Home schooling was once the standard education for most families. After public schools began providing quality education for our children, this became a rarity, a thing of the past. Recently, however, we are seeing an increase once again in the number of families that are opting to educate their own children at home, rather than hand them off to an already over-crowded, understaffed school.

The single parent is no different in their desire to see their children succeed in life, starting with their academic pursuits. The decision to home school your children is one that should be made carefully, especially if you are going to be doing it alone, but it can be done. Determination and organization go a long way for the single mother in most areas of her child-rearing, so this is nothing new to them. It is one more task that they are taking on because they feel that it is the best thing for their children.

Although I am not a single parent, I do home school my children and I do it alone. My husband’s career as a pilot keeps him away from home four days a week, so most of the childrearing, including their education, falls to me solely. If I had to work outside the home at a full-time job, I am sure that it would be challenging, if not impossible, to do both. That is one thing to give careful consideration to if you are still deciding whether home schooling will work best for your family.

There are pros and cons to almost every decision that you make as a parent. The following is a short list of some of the things that you may want to consider as you look at your child’s academic options.


*You will spend more time with your child and therefore build a different relationship with them than those who spend the day in the public schools system.

*Your schedule will be much more flexible.

*You will save money on some things, such as school lunches, various school fees, school supplies, and other variables that come up throughout the year.

*You can decide if something in the curriculum does not agree with your belief system or morals.

*You can usually decide which curriculum you want to use from a list found suitable in your state.

*There are many life lessons that you can incorporate into home schooling that public schools don’t cover.

*Emotional and peer pressures are certainly lessened, if not eliminated entirely, in the home setting, which can make your parenting experience as a single mother easier in the long run.


*If you are also working outside the home, you may feel overwhelmed and never get any time to rest and rejuvenate for the following day. The stress can feel extreme at times.

*You may have no help if you don’t have a good support system in place.

*You may struggle with subject areas that you don’t know as the sole teacher at your “school”.

*If you are not naturally organized, it may be difficult to keep records in order.

*It can be difficult to stick with a schedule that can get through the year on time if you are someone who likes to take time off.

There are some things that you can do to make your home schooling experience easier as a single mom of multiple children. The easier you can make it on everyone, the more enjoyable you will find it. Charts are a great tool to keep your kids on task. Allow them to put star stickers by their name as they complete each task for the day. Have a reward system in place using the stars, a “star store” where they can redeem them for things like small toys, their choice of field trip, a movie and pizza day, etc. These are great motivators for your students.

Have the children work together on some things. Older children can read to the younger ones or they can do a workout video for physical education that is focused on children. Art projects can be done together with very little help from you. These are times that you can use for a break or getting some of the household chores done. A cooking class is a wonderful elective and a great way to get help with dinner from all hands available.
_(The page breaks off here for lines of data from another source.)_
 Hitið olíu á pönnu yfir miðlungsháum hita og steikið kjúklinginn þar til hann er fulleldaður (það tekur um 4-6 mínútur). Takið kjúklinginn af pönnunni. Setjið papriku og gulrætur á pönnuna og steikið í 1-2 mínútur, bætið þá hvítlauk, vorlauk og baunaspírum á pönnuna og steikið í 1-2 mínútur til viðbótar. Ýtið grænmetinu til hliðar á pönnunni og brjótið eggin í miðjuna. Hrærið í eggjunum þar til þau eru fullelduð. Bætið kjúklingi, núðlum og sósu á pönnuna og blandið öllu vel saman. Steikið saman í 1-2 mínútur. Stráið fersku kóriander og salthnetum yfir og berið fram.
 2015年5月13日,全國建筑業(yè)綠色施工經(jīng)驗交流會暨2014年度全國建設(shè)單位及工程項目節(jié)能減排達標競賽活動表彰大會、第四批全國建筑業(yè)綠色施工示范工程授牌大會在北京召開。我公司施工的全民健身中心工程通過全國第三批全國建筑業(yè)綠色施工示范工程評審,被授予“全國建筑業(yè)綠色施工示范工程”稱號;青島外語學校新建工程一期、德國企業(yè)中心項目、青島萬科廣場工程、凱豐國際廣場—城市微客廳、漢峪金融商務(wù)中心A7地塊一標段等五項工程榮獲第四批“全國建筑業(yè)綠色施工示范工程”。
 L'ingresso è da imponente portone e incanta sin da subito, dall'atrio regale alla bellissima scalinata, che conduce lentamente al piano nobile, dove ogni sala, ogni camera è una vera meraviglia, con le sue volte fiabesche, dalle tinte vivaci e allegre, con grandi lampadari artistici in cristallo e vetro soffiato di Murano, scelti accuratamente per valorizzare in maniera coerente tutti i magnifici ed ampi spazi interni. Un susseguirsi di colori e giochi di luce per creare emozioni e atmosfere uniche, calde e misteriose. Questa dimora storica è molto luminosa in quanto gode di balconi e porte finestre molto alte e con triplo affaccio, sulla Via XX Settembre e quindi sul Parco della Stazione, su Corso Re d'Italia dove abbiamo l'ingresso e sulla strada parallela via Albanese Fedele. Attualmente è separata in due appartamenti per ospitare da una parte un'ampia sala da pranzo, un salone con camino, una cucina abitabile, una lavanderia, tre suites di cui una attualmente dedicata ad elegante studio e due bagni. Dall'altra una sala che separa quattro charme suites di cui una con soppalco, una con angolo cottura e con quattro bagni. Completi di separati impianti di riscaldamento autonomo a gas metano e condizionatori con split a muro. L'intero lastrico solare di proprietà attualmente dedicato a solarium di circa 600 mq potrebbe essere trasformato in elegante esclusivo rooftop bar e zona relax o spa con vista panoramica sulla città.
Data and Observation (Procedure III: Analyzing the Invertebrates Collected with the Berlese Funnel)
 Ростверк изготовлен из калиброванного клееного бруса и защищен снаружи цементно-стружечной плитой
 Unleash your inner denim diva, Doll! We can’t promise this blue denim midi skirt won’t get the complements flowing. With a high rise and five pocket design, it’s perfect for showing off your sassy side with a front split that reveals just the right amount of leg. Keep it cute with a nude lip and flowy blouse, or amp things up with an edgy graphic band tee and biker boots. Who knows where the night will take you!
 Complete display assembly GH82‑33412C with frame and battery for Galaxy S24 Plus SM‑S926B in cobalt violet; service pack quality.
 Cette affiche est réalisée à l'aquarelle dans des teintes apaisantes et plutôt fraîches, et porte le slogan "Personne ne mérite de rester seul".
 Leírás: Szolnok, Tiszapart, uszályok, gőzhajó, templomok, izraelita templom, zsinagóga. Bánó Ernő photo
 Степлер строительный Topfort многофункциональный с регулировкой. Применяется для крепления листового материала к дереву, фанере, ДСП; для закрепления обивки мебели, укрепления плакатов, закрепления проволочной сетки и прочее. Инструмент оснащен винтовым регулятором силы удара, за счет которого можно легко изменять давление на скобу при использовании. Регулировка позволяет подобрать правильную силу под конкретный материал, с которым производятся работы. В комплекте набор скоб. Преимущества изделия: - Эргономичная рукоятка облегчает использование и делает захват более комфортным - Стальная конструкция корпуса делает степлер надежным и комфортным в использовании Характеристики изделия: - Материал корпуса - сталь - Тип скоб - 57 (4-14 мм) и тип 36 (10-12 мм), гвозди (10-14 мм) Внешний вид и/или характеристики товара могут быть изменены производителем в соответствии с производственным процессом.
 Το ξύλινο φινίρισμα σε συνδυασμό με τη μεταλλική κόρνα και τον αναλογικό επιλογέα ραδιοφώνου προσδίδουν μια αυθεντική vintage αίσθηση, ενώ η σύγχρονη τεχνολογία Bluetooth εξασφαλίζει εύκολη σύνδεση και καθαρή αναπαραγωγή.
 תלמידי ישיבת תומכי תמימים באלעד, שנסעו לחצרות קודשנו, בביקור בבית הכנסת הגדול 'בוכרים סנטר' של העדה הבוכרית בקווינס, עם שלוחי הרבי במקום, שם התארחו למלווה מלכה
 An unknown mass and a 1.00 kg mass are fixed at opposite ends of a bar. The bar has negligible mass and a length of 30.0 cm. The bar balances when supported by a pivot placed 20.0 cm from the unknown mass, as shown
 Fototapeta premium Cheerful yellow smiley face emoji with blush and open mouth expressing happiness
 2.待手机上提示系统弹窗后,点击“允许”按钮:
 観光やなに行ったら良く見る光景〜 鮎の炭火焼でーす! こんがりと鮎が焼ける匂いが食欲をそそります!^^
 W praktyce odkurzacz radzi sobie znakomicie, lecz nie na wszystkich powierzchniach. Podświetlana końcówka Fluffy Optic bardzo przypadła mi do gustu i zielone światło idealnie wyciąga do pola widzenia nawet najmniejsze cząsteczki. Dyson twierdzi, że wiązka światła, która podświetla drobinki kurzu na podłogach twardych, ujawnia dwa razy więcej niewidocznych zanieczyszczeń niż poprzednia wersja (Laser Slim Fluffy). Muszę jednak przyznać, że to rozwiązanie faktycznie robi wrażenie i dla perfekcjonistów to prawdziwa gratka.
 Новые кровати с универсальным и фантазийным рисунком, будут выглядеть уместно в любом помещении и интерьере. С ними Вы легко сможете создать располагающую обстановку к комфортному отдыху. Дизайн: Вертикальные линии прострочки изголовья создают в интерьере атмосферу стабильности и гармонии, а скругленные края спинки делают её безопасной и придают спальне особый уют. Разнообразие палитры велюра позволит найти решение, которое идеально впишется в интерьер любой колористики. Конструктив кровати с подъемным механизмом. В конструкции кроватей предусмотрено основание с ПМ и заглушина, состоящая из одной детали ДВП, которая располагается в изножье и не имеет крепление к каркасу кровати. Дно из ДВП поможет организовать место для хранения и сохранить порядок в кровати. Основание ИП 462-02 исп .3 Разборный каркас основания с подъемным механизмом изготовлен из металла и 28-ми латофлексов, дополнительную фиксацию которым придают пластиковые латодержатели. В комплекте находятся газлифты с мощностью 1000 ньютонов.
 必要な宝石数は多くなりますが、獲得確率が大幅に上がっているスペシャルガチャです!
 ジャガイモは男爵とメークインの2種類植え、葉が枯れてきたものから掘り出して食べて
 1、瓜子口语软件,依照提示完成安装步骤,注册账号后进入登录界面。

If your curriculum is online for the most part, you will need to become as tech-savvy as possible. You may even want to consider taking a short computer course. This will help you on days that your internet connection is giving you troubles as well as with various programs that will be used. At least, have the tech support number handy!

I have enjoyed the experience of home schooling my children, but I know the challenges and struggles as well as the victories and fun times. Home schooling isn’t for everyone, not every parent and not every child. I have one child who excels at home, one who can go either way and one who did not take to the home schooling environment well at all. She is back in the standard school setting now and that’s okay. Make your decision based on you and your child and what works best for you.